**PROBLEM REQUIREMENTS**
Would you write out the entries below word for word, omitting the pictures?
═════ INFORMATION SUPPLIED ═════
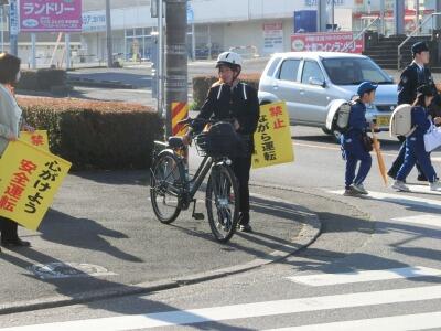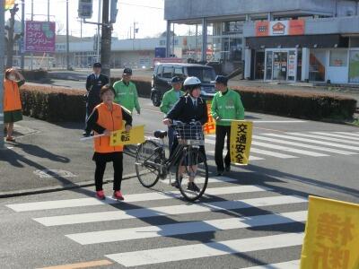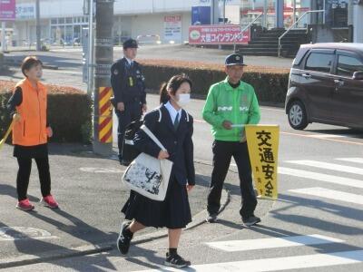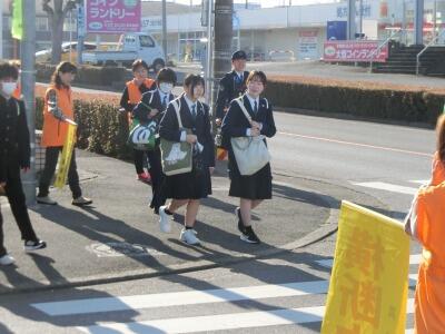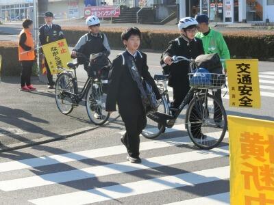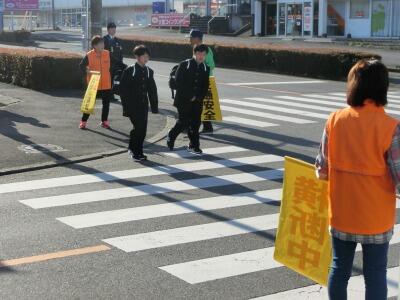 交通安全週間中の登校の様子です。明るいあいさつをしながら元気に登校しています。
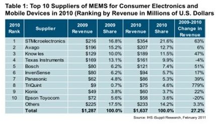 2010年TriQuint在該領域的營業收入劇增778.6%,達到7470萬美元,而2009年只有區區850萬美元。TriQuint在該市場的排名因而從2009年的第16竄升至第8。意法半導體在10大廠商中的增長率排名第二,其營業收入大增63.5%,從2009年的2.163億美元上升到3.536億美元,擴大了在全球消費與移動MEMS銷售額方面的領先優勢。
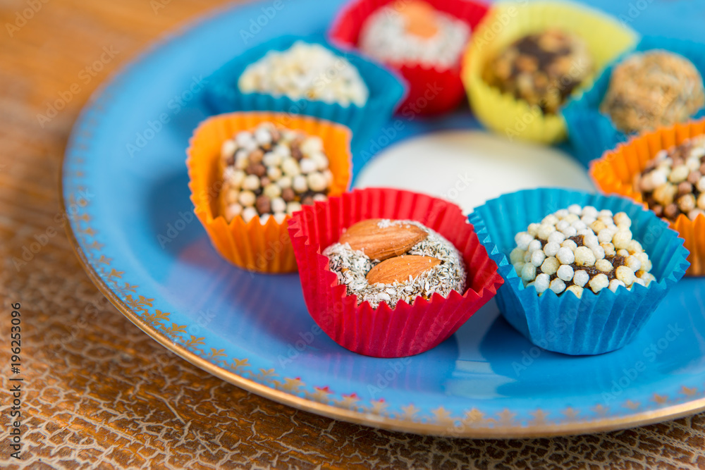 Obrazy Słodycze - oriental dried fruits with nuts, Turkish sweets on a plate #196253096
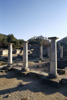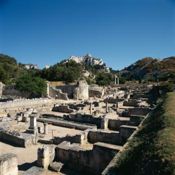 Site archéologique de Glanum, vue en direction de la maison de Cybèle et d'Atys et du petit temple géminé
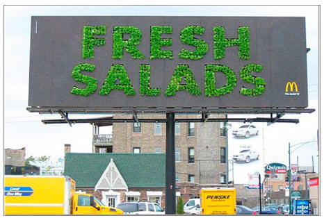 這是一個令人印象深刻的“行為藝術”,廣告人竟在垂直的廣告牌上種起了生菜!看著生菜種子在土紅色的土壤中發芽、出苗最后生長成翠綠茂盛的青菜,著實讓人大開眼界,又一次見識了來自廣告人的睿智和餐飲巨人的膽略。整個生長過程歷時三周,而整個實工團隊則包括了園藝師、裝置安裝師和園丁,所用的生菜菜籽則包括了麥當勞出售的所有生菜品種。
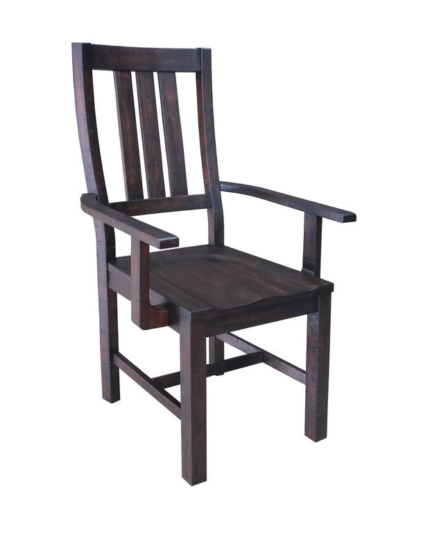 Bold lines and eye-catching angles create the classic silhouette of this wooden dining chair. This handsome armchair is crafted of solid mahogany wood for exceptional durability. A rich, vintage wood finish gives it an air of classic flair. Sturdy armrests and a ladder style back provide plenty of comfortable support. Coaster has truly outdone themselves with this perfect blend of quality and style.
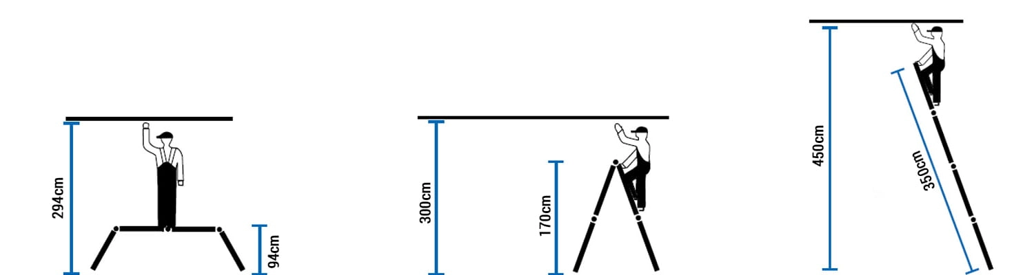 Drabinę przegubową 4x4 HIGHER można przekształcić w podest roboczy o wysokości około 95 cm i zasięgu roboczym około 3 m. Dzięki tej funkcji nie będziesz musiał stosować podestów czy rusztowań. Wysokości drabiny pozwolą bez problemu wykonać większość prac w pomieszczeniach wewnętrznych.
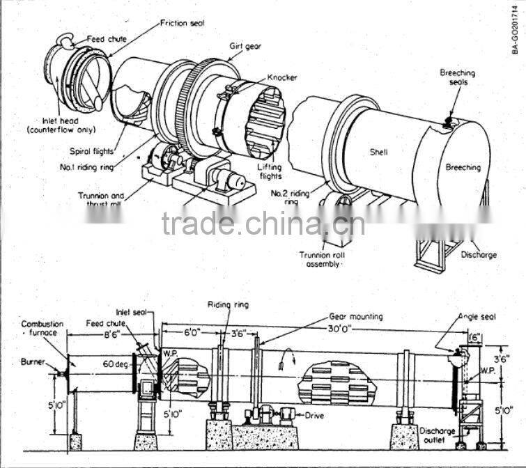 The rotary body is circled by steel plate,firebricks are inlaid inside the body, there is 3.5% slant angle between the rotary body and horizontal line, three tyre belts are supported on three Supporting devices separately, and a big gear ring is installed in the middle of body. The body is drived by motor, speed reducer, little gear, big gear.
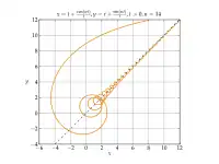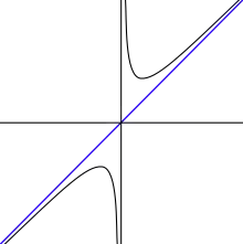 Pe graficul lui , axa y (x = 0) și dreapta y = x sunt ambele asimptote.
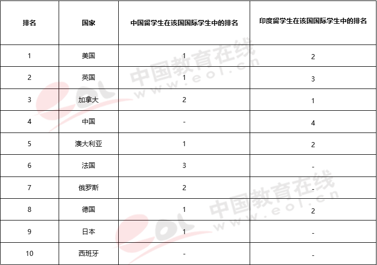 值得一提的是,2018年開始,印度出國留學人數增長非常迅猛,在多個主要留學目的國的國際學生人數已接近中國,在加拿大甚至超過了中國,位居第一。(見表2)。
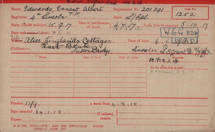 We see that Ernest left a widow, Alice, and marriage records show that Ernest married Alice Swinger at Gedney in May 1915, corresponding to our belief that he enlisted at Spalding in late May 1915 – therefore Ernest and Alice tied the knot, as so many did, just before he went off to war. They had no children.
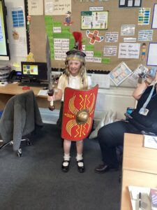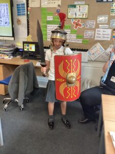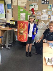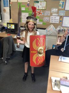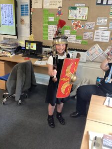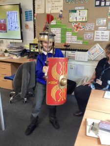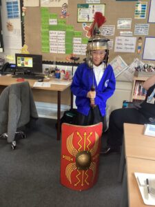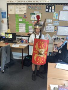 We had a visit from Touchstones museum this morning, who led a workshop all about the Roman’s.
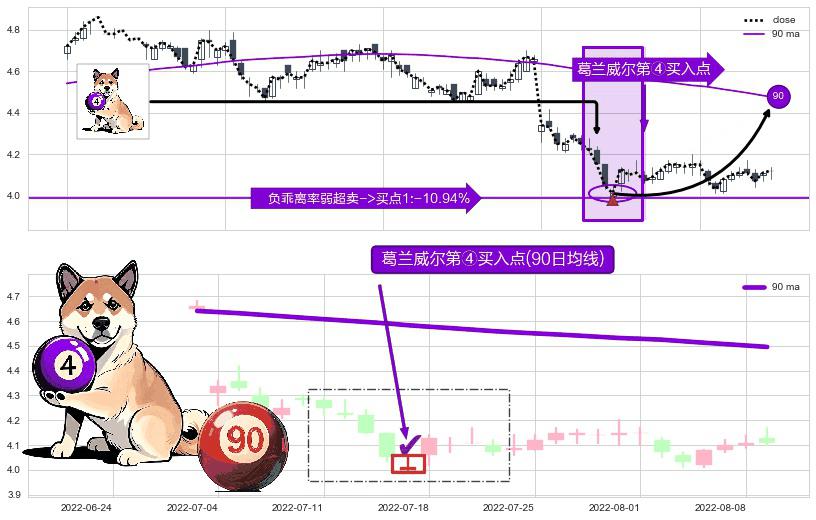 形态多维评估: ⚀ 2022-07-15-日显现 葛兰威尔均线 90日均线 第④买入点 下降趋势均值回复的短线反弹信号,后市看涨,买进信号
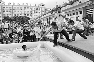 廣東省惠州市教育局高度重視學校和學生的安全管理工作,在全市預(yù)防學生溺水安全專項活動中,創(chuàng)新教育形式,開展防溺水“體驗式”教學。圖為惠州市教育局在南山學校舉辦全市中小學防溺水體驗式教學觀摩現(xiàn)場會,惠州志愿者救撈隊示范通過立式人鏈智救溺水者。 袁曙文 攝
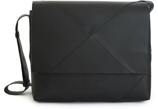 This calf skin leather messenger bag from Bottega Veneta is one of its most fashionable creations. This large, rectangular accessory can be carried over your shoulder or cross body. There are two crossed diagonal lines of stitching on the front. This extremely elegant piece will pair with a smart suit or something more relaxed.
═════
**REPLY TO THE EXERCISE**
 交通安全週間中の登校の様子です。明るいあいさつをしながら元気に登校しています。
 2010年TriQuint在該領域的營業收入劇增778.6%,達到7470萬美元,而2009年只有區區850萬美元。TriQuint在該市場的排名因而從2009年的第16竄升至第8。意法半導體在10大廠商中的增長率排名第二,其營業收入大增63.5%,從2009年的2.163億美元上升到3.536億美元,擴大了在全球消費與移動MEMS銷售額方面的領先優勢。
 Obrazy Słodycze - oriental dried fruits with nuts, Turkish sweets on a plate #196253096
 Site archéologique de Glanum, vue en direction de la maison de Cybèle et d'Atys et du petit temple géminé
 這是一個令人印象深刻的“行為藝術”,廣告人竟在垂直的廣告牌上種起了生菜!看著生菜種子在土紅色的土壤中發芽、出苗最后生長成翠綠茂盛的青菜,著實讓人大開眼界,又一次見識了來自廣告人的睿智和餐飲巨人的膽略。整個生長過程歷時三周,而整個實工團隊則包括了園藝師、裝置安裝師和園丁,所用的生菜菜籽則包括了麥當勞出售的所有生菜品種。
 Bold lines and eye-catching angles create the classic silhouette of this wooden dining chair. This handsome armchair is crafted of solid mahogany wood for exceptional durability. A rich, vintage wood finish gives it an air of classic flair. Sturdy armrests and a ladder style back provide plenty of comfortable support. Coaster has truly outdone themselves with this perfect blend of quality and style.
 Drabinę przegubową 4x4 HIGHER można przekształcić w podest roboczy o wysokości około 95 cm i zasięgu roboczym około 3 m. Dzięki tej funkcji nie będziesz musiał stosować podestów czy rusztowań. Wysokości drabiny pozwolą bez problemu wykonać większość prac w pomieszczeniach wewnętrznych.
 The rotary body is circled by steel plate,firebricks are inlaid inside the body, there is 3.5% slant angle between the rotary body and horizontal line, three tyre belts are supported on three Supporting devices separately, and a big gear ring is installed in the middle of body. The body is drived by motor, speed reducer, little gear, big gear.
 Pe graficul lui , axa y (x = 0) și dreapta y = x sunt ambele asimptote.
 值得一提的是,2018年開始,印度出國留學人數增長非常迅猛,在多個主要留學目的國的國際學生人數已接近中國,在加拿大甚至超過了中國,位居第一。(見表2)。
 We see that Ernest left a widow, Alice, and marriage records show that Ernest married Alice Swinger at Gedney in May 1915, corresponding to our belief that he enlisted at Spalding in late May 1915 – therefore Ernest and Alice tied the knot, as so many did, just before he went off to war. They had no children.
 We had a visit from Touchstones museum this morning, who led a workshop all about the Roman’s.
 形态多维评估: ⚀ 2022-07-15-日显现 葛兰威尔均线 90日均线 第④买入点 下降趋势均值回复的短线反弹信号,后市看涨,买进信号
 廣東省惠州市教育局高度重視學校和學生的安全管理工作,在全市預(yù)防學生溺水安全專項活動中,創(chuàng)新教育形式,開展防溺水“體驗式”教學。圖為惠州市教育局在南山學校舉辦全市中小學防溺水體驗式教學觀摩現(xiàn)場會,惠州志愿者救撈隊示范通過立式人鏈智救溺水者。 袁曙文 攝
 This calf skin leather messenger bag from Bottega Veneta is one of its most fashionable creations. This large, rectangular accessory can be carried over your shoulder or cross body. There are two crossed diagonal lines of stitching on the front. This extremely elegant piece will pair with a smart suit or something more relaxed.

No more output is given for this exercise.